■ HOW TO COMPLETE THIS TASK
Your answer must be an exact copy of the listing that follows, with all pictures omitted.

■ INFORMATION PROVIDED
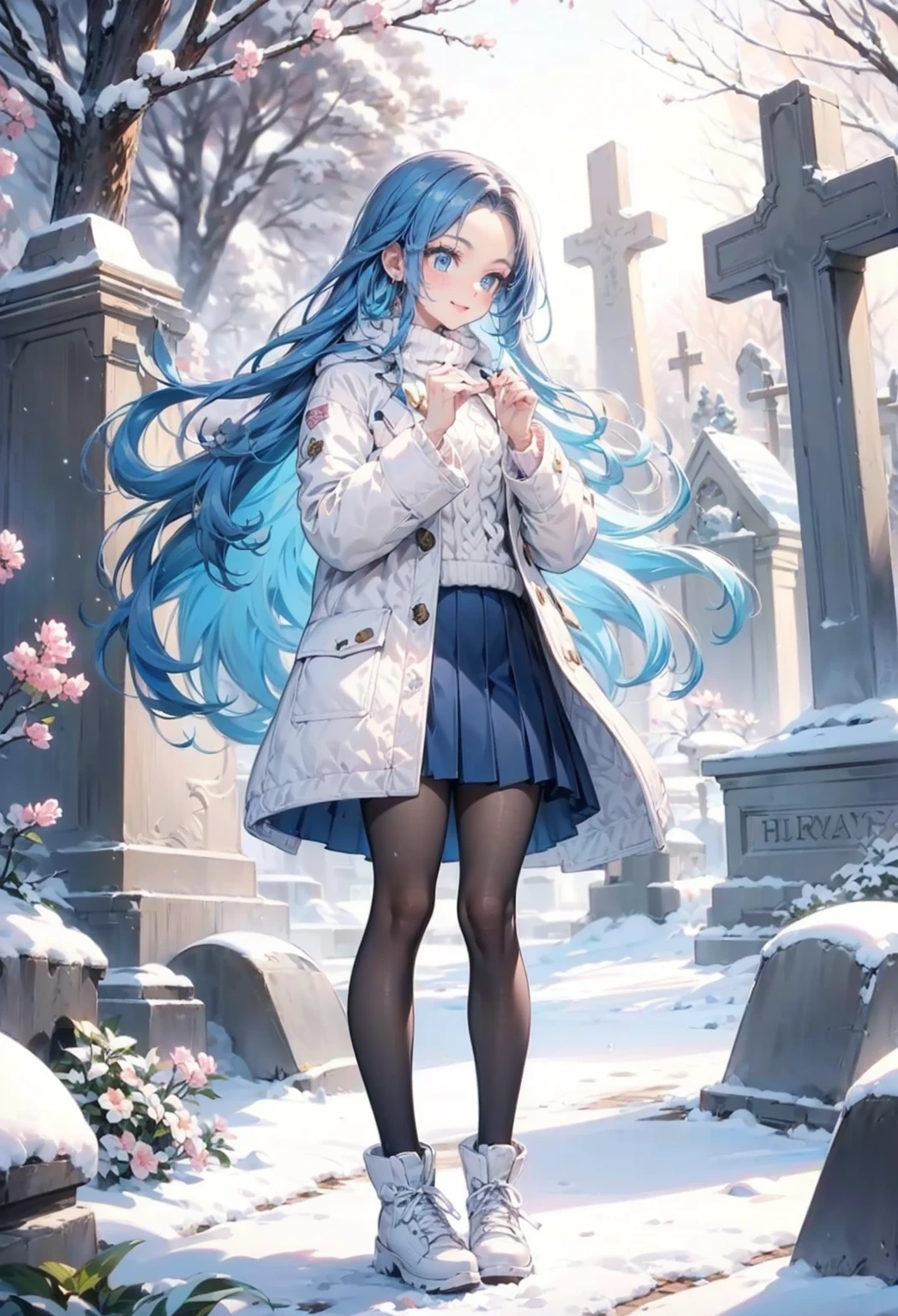 淡い青色のプリーツスカート
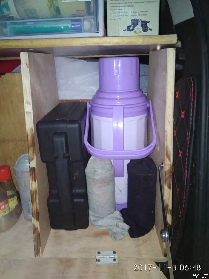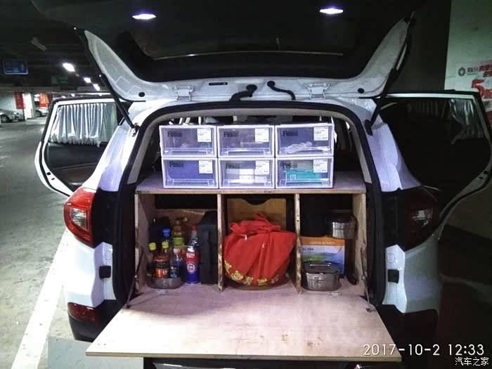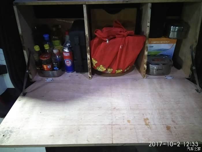 最近连续几年远距离自驾穷游,而且是在车上吃住,感觉做饭的环境应该改进一下,我买过二个小床桌,也买过四椅连桌饭桌,今年又换过折叠桌,多次使用后感觉收放是个大事,体积大占地方,搬上搬下费劲。今年7月,49天新疆南北环游回家后,我又做了改进,上部设置六个抽屉箱,下部设置三个置物箱区,一是暖瓶区;二是炉灶区;三是锅盆区;置物箱根据尾箱斜度制做,下宽上窄,占用空间约30公分,高度42公分,长度一米,箱门为一米长,42公分高,安上铰链,装2个折叠撑杆连接,倒下门板就是一100X40的案板,经过试用,还行!外出不用带桌子了,也不在地上和车头做饭了,现将改进的床车汇报给大家,请多指教。
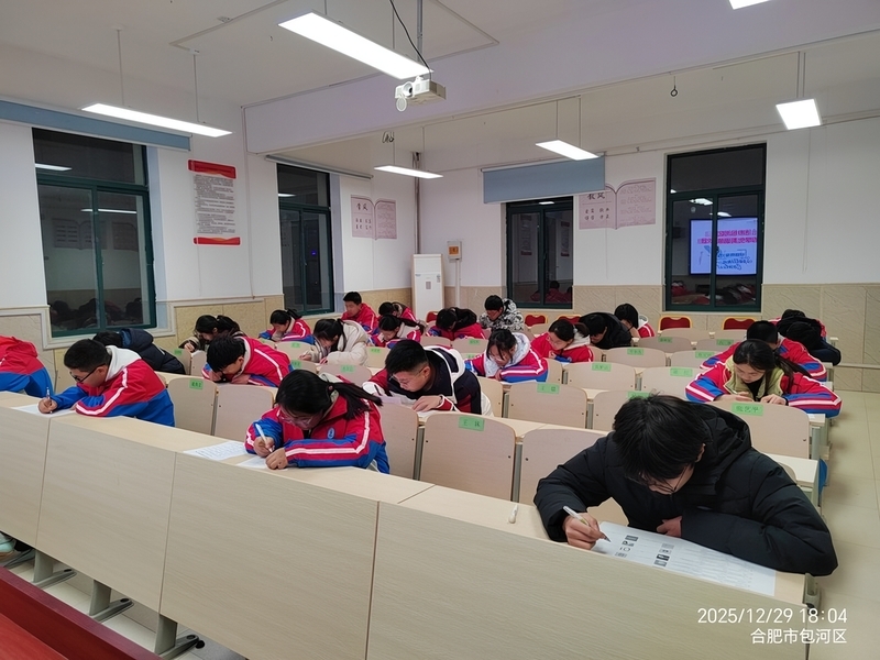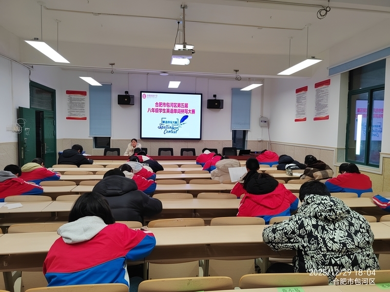 为激发学生英语学习热情,夯实词汇基础,全面提升语言综合运用能力,2025 年 12 月 29 日,合肥新康中学隆重举办合肥市包河区第五届八年级学生英语单词拼写大赛校内初赛。经过前期八年级全员参与的海选选拔,近40名英语词汇功底扎实的学子脱颖而出,齐聚学校会议室同场竞技,在笔尖流转间展现青春朝气与语言潜能。

■ SOLUTION TO THE PROBLEM
 淡い青色のプリーツスカート
 最近连续几年远距离自驾穷游,而且是在车上吃住,感觉做饭的环境应该改进一下,我买过二个小床桌,也买过四椅连桌饭桌,今年又换过折叠桌,多次使用后感觉收放是个大事,体积大占地方,搬上搬下费劲。今年7月,49天新疆南北环游回家后,我又做了改进,上部设置六个抽屉箱,下部设置三个置物箱区,一是暖瓶区;二是炉灶区;三是锅盆区;置物箱根据尾箱斜度制做,下宽上窄,占用空间约30公分,高度42公分,长度一米,箱门为一米长,42公分高,安上铰链,装2个折叠撑杆连接,倒下门板就是一100X40的案板,经过试用,还行!外出不用带桌子了,也不在地上和车头做饭了,现将改进的床车汇报给大家,请多指教。
 为激发学生英语学习热情,夯实词汇基础,全面提升语言综合运用能力,2025 年 12 月 29 日,合肥新康中学隆重举办合肥市包河区第五届八年级学生英语单词拼写大赛校内初赛。经过前期八年级全员参与的海选选拔,近40名英语词汇功底扎实的学子脱颖而出,齐聚学校会议室同场竞技,在笔尖流转间展现青春朝气与语言潜能。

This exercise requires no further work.